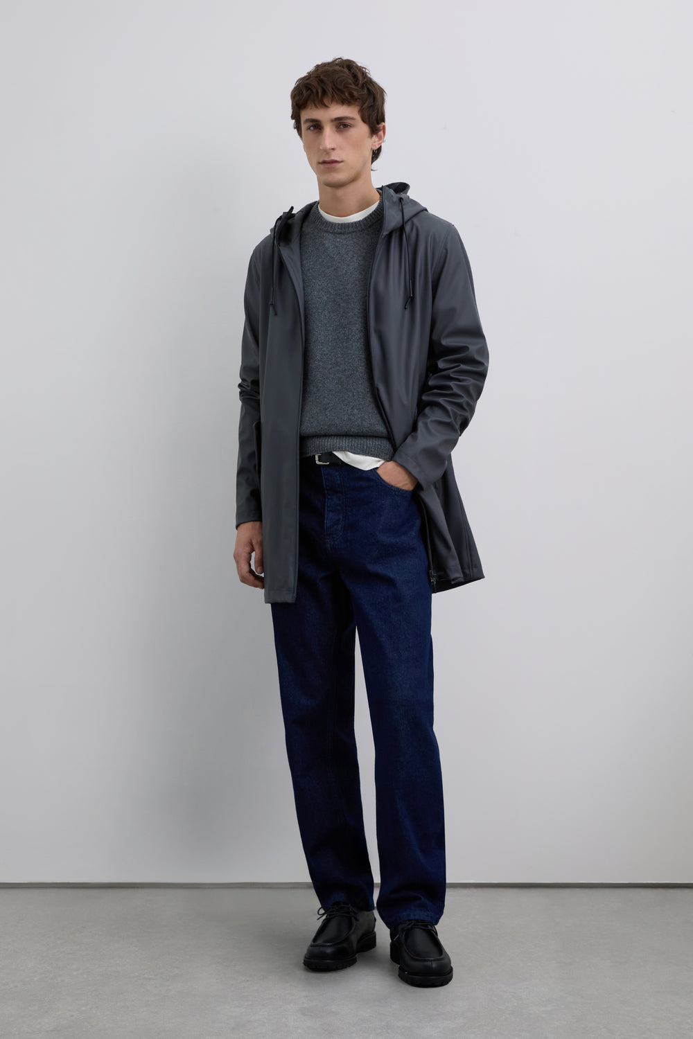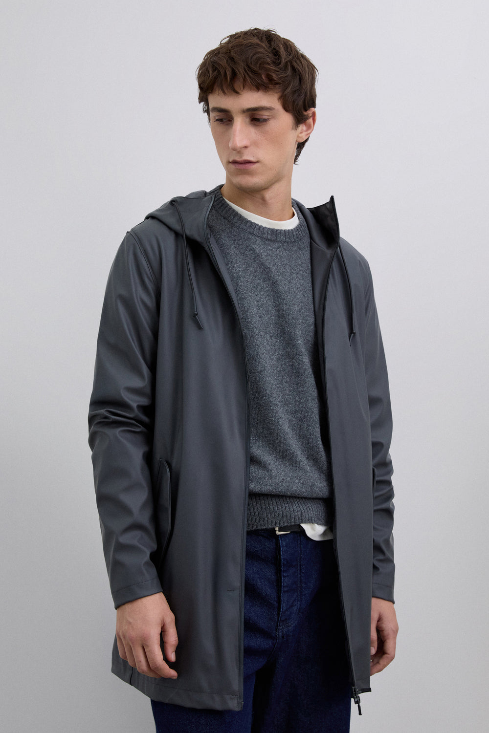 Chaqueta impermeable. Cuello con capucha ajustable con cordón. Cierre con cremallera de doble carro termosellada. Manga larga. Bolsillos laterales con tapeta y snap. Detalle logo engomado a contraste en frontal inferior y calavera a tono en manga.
==
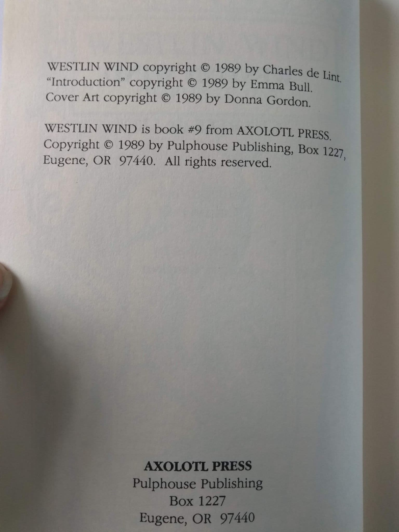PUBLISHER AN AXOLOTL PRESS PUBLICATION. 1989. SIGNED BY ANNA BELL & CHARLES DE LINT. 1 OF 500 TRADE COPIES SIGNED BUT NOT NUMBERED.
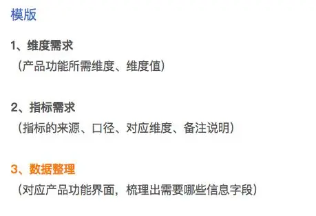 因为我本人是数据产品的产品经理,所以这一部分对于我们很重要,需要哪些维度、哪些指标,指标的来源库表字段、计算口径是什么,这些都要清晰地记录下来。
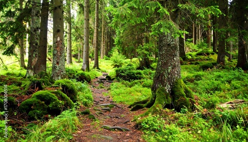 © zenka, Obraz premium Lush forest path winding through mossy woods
...
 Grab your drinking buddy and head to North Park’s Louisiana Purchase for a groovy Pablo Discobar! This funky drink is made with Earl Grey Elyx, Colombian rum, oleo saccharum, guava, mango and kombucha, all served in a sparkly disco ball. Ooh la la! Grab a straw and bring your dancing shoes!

What you are asked to do: With the pictures omitted, copy the entries above exactly from the line containing "因为我本人是数据产品的产品经" through the line containing "through mossy woods", both lines included.

Solution:
 因为我本人是数据产品的产品经理,所以这一部分对于我们很重要,需要哪些维度、哪些指标,指标的来源库表字段、计算口径是什么,这些都要清晰地记录下来。
 © zenka, Obraz premium Lush forest path winding through mossy woods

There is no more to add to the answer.